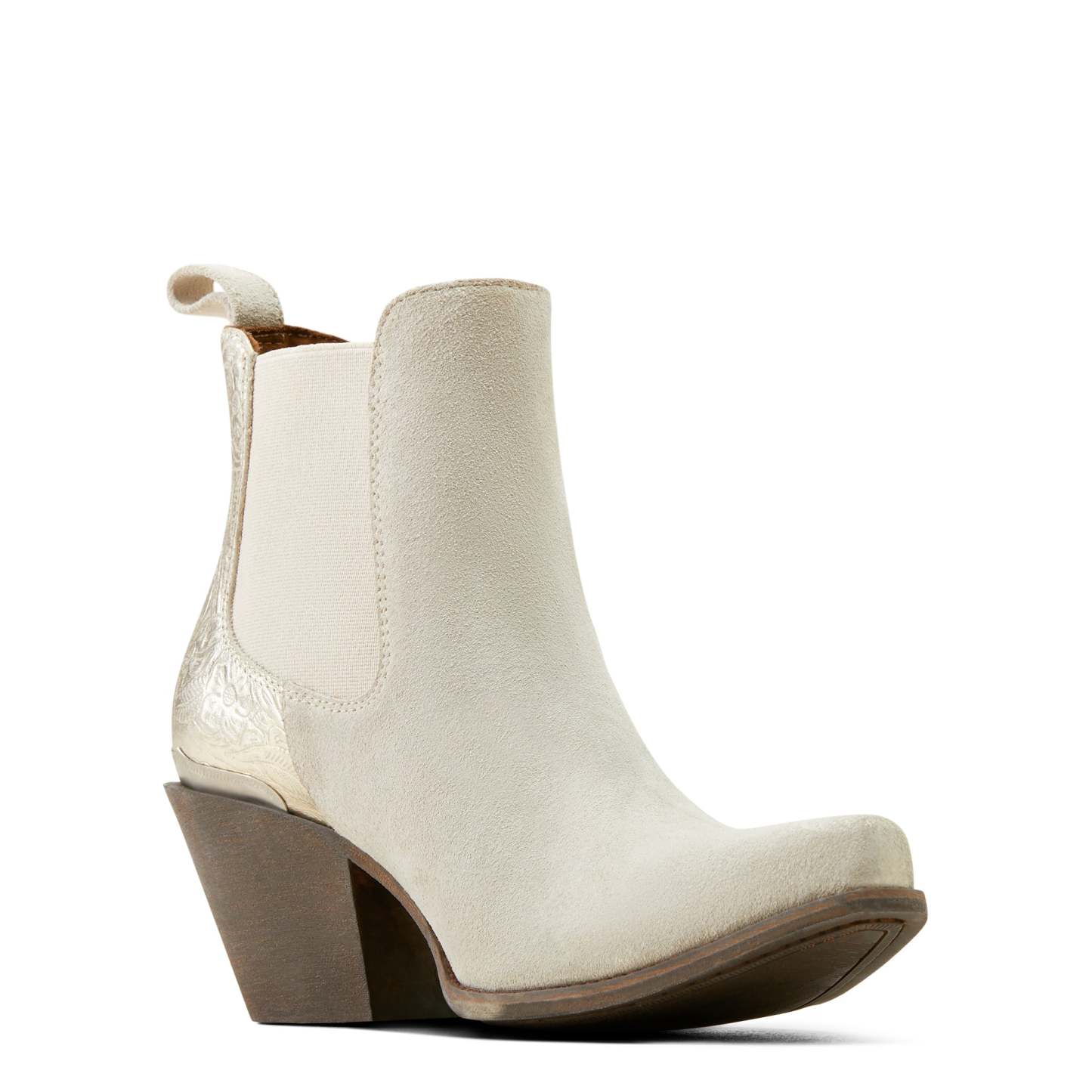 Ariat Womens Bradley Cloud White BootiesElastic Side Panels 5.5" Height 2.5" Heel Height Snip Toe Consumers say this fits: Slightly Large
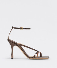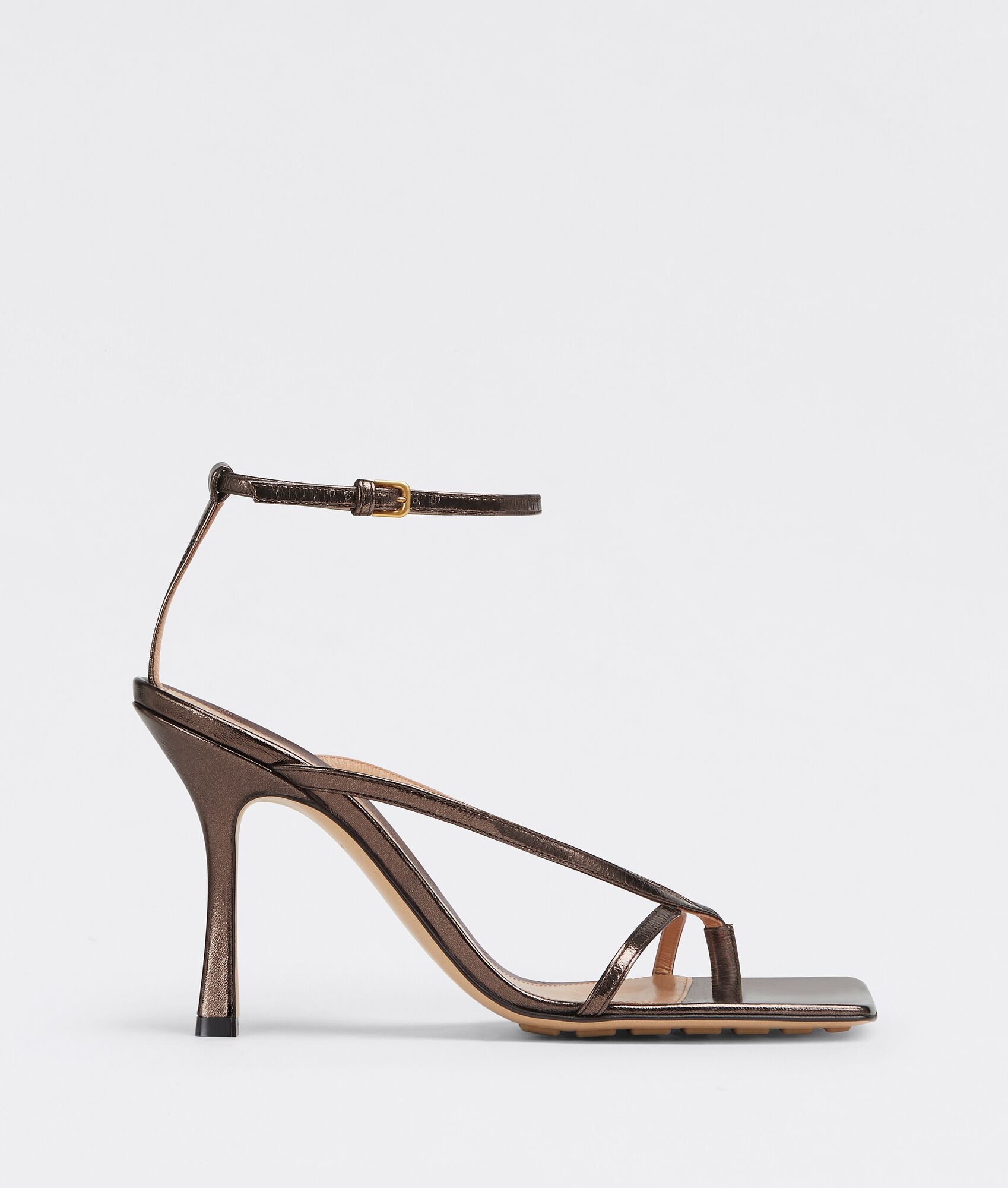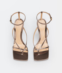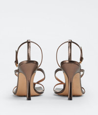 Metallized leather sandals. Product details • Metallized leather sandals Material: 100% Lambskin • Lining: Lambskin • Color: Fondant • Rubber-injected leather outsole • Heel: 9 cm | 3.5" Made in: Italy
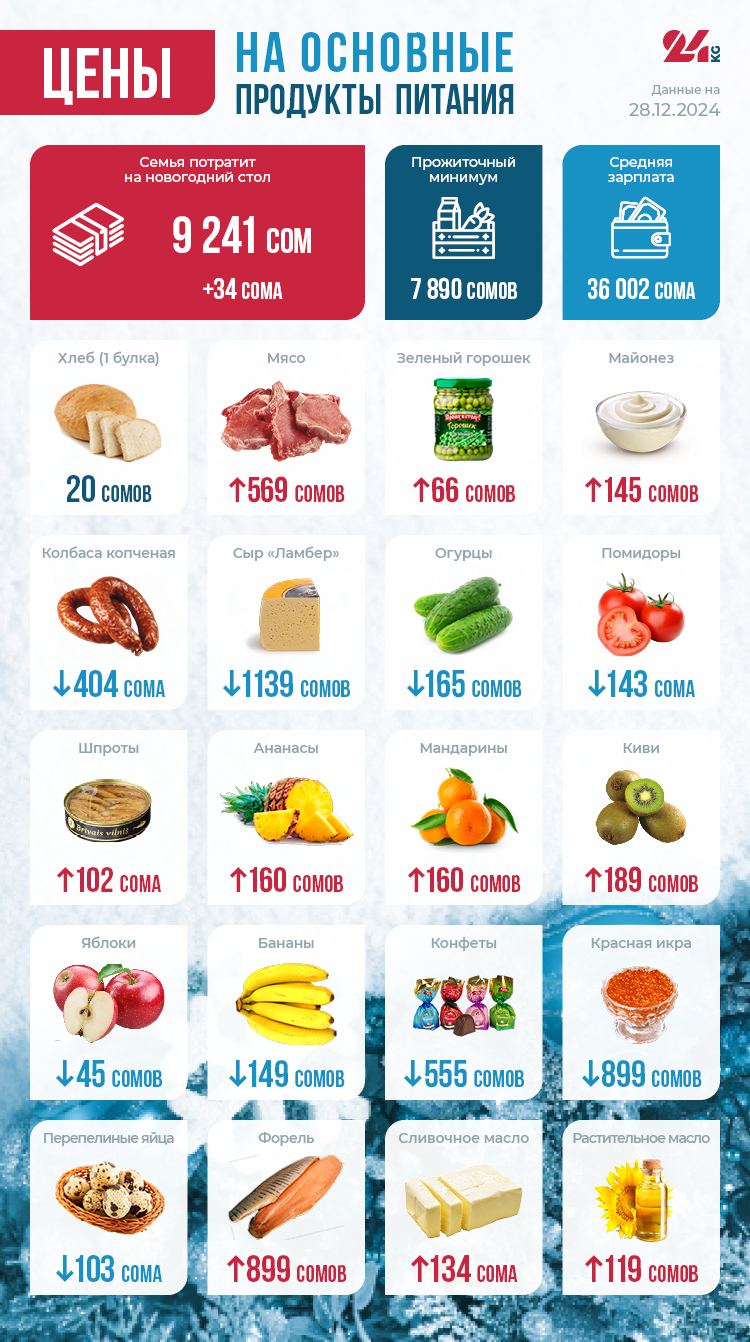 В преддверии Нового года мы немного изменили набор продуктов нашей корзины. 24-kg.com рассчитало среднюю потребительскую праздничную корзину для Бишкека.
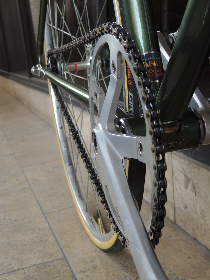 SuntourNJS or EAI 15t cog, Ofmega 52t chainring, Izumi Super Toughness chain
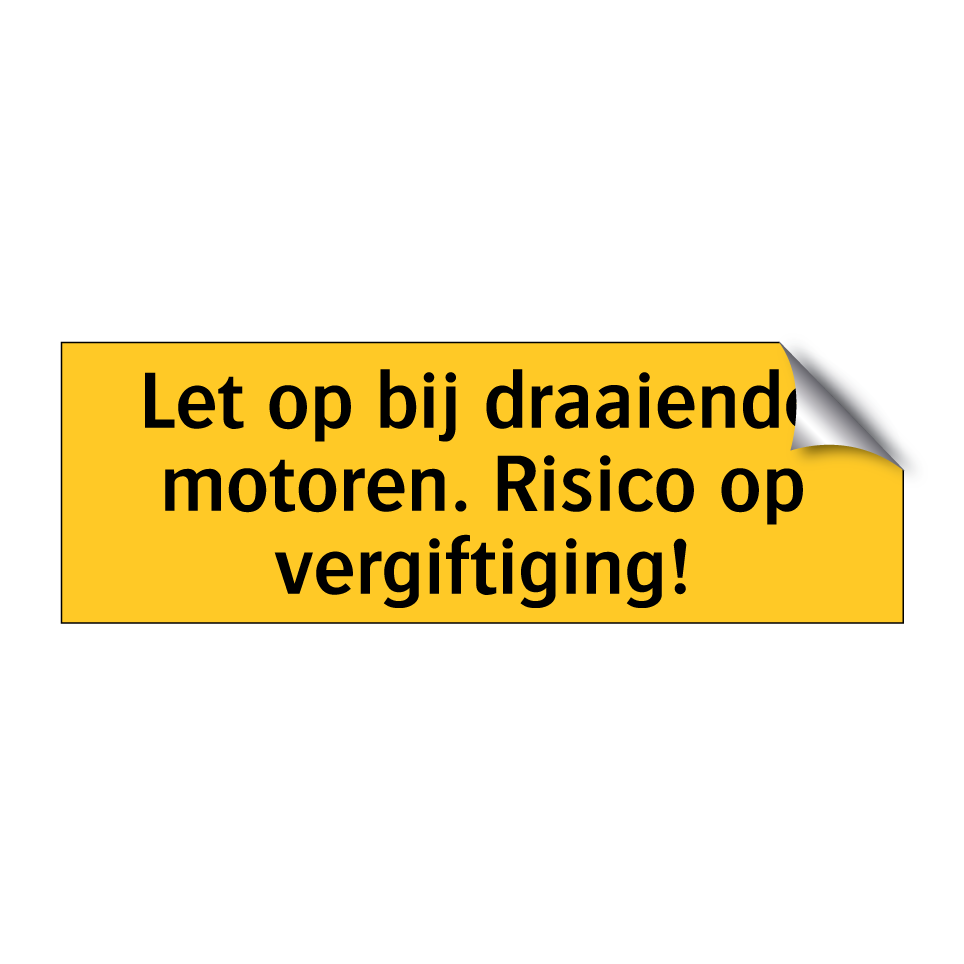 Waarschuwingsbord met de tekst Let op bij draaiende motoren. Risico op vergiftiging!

» **Activity**:
Take the line containing "В преддверии Нового" and every line after it up to the end of the entries, and quote them exactly. Both ends count; the pictures do not.

» **Final answer**:
 В преддверии Нового года мы немного изменили набор продуктов нашей корзины. 24-kg.com рассчитало среднюю потребительскую праздничную корзину для Бишкека.
 SuntourNJS or EAI 15t cog, Ofmega 52t chainring, Izumi Super Toughness chain
 Waarschuwingsbord met de tekst Let op bij draaiende motoren. Risico op vergiftiging!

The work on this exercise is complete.